25 Mogen ijzeren en koperen grendels u beschermen en moge uw kracht net zo groot zijn als uw leven lang is!’
26 ‘Er bestaat niemand die gelijk is aan de God van het rechtschapen Israël, Hij rijdt op de wolken en vanuit de hoogte helpt Hij u. 27 De eeuwige God is uw toevluchtsoord en zijn eeuwige armen ondersteunen u. Hij drijft uw vijanden voor u uit en roept u toe: “Vernietig hen!” 28 Daarom leeft Israël veilig en ongestoord en heeft voorspoed in een land van koren en wijn, terwijl de hemel het land bevochtigt met dauw. 29 Uw geluk is groot, Israël! Wie is aan u gelijk? U bent een volk, dat verlost is door de Here. Hij is uw schild en uw helper! Hij is uw machtige zwaard! Uw vijanden zullen diep voor u buigen en u zult over hun heuvels heersen!’

De dood van Mozes

34 Toen beklom Mozes vanuit de vlakte van Moab de top van de Pisga op de berg Nebo, tegenover Jericho. De Here toonde hem het beloofde land en hij keek uit over Gilead tot aan Dan: hij zag Naftali liggen en Efraïm, Manasse en daar verderop Juda, dat zich uitstrekt tot aan de Middellandse Zee. Ook zag hij de Negev en het dal van de Jordaan en Jericho, de stad van de palmbomen, en Soar. ‘Dat is het beloofde land,’ zei de Here tegen Mozes. ‘Ik beloofde Abraham, Isaak en Jakob dat Ik het hun nakomelingen zou geven. Nu hebt u het gezien, maar u zult het niet binnengaan.’ Zo stierf Mozes, de dienaar van de Here, in het land Moab, zoals de Here had gezegd. En de Here begroef hem in een dal bij Bet-Peor in Moab, maar tot nu toe weet niemand precies waar hij ligt. Mozes was honderdtwintig jaar oud toen hij stierf, maar zijn ogen waren nog goed en hij was nog net zo sterk als een jonge man. Het volk Israël rouwde dertig dagen om hem op de vlakte van Moab.

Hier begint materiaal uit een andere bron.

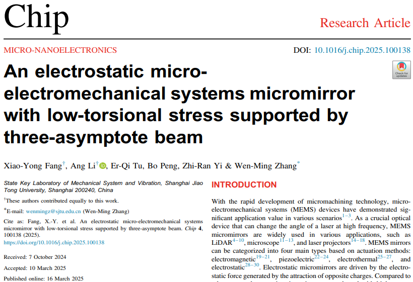 张文明教授团队提出一种低扭转应力的静电MEMS微镜设计

Jozua, de zoon van Nun, was vervuld met de Geest van de wijsheid, want Mozes had hem de handen opgelegd. Daarom gehoorzaamden de Israëlieten hem en leefden volgens de wetten en regels die de Here Mozes had gegeven. 10 Er is daarna in Israël nooit meer een profeet zoals Mozes geweest, want de Here sprak met hem van aangezicht tot aangezicht. 11,12 Hij deed op bevel van de Here verbazingwekkende wonderen, grote en angstaanjagende wonderen voor de farao en zijn hele hofhouding in Egypte en voor het hele volk Israël in de woestijn.